> **Your goal**
Your copy should match the records exactly, except that no pictures appear in it.

> **Supplied material**

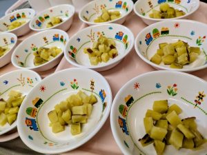 (写真は離乳食後期です。年齢によって形、固さ、盛り付け量を変えて、提供しています。)
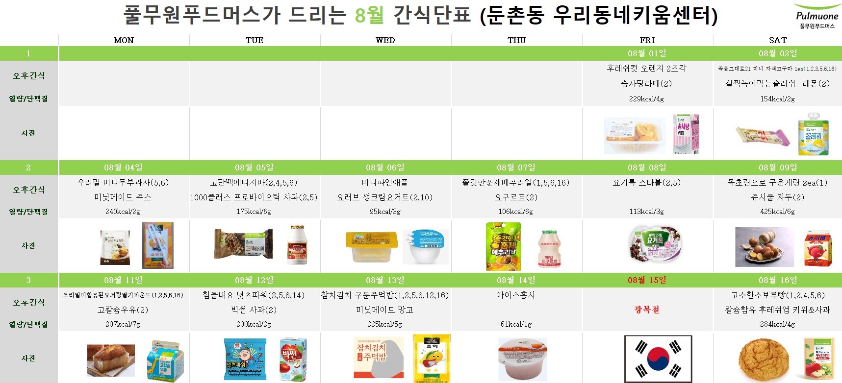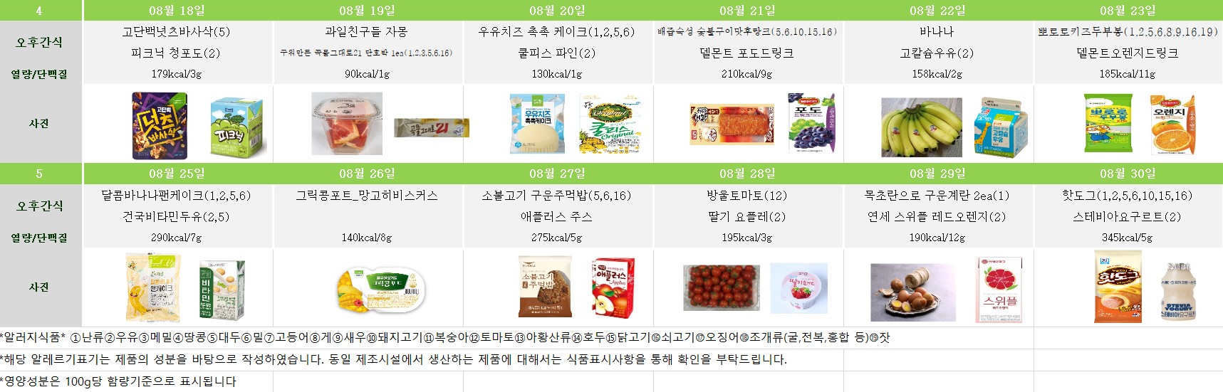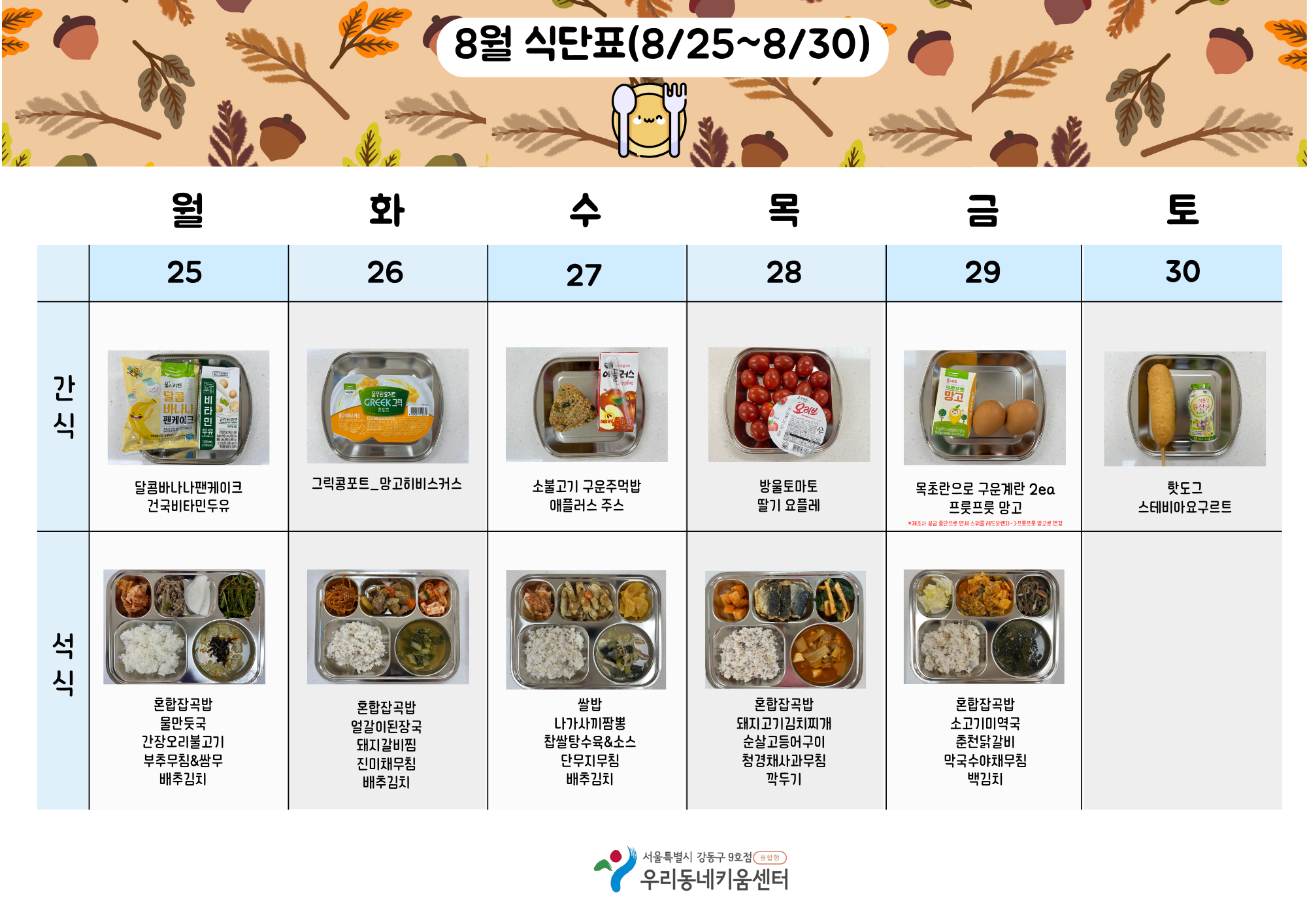 2025년 8월 급간식 식단표
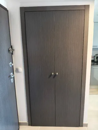 Se venden 6 puertas incluidas tapetas exteriores de 3 armarios: Armario 1: Puertas Corredera 1.40m de ancho x 2.20m de alto. Armario 2: Corredera 1.20m ancho x 2.20m alto. Armario 3: Abatible 90cm ancho x 2.00 alto. - Diseño moderno y elegante. - Acabado imitación madera. - Color wenge.
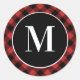 Red Buffalo Plaid Initial Monogram Classic Round Sticker
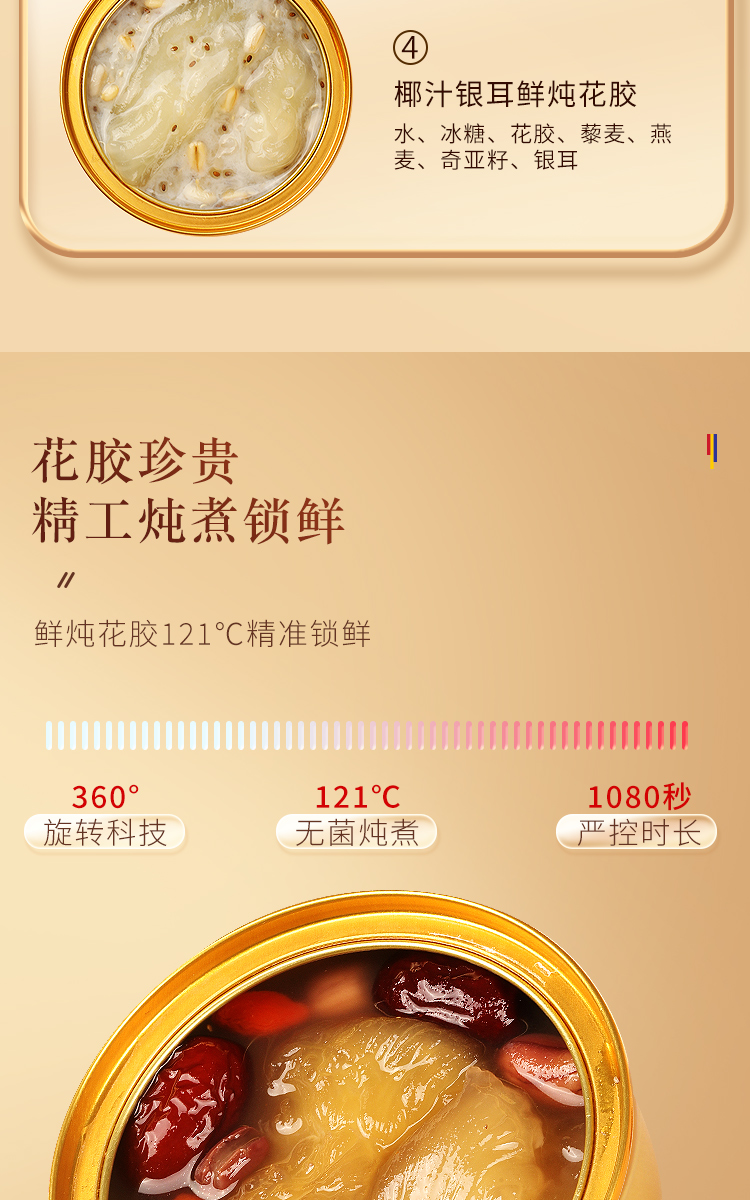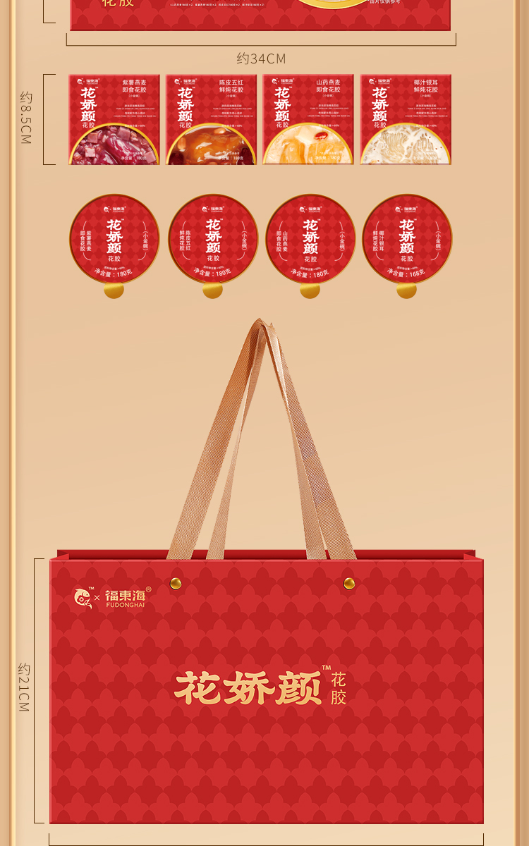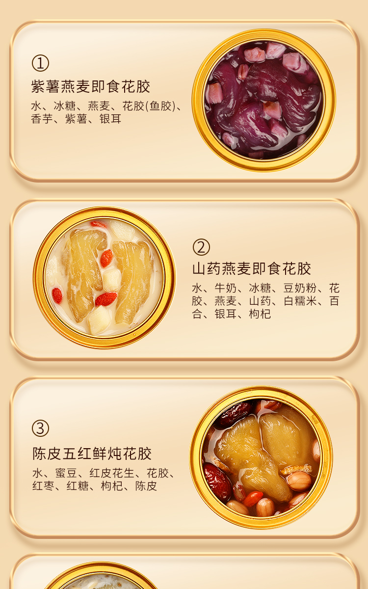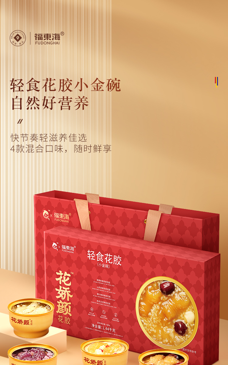 福东海 即食花胶粥1440克(180克*8碗)轻食早餐胶原蛋白鱼胶 4口味礼盒装 送爱人滋补品代餐血孕妇营养品

> **Result for this task**
 (写真は離乳食後期です。年齢によって形、固さ、盛り付け量を変えて、提供しています。)
 2025년 8월 급간식 식단표
 Se venden 6 puertas incluidas tapetas exteriores de 3 armarios: Armario 1: Puertas Corredera 1.40m de ancho x 2.20m de alto. Armario 2: Corredera 1.20m ancho x 2.20m alto. Armario 3: Abatible 90cm ancho x 2.00 alto. - Diseño moderno y elegante. - Acabado imitación madera. - Color wenge.
 Red Buffalo Plaid Initial Monogram Classic Round Sticker
 福东海 即食花胶粥1440克(180克*8碗)轻食早餐胶原蛋白鱼胶 4口味礼盒装 送爱人滋补品代餐血孕妇营养品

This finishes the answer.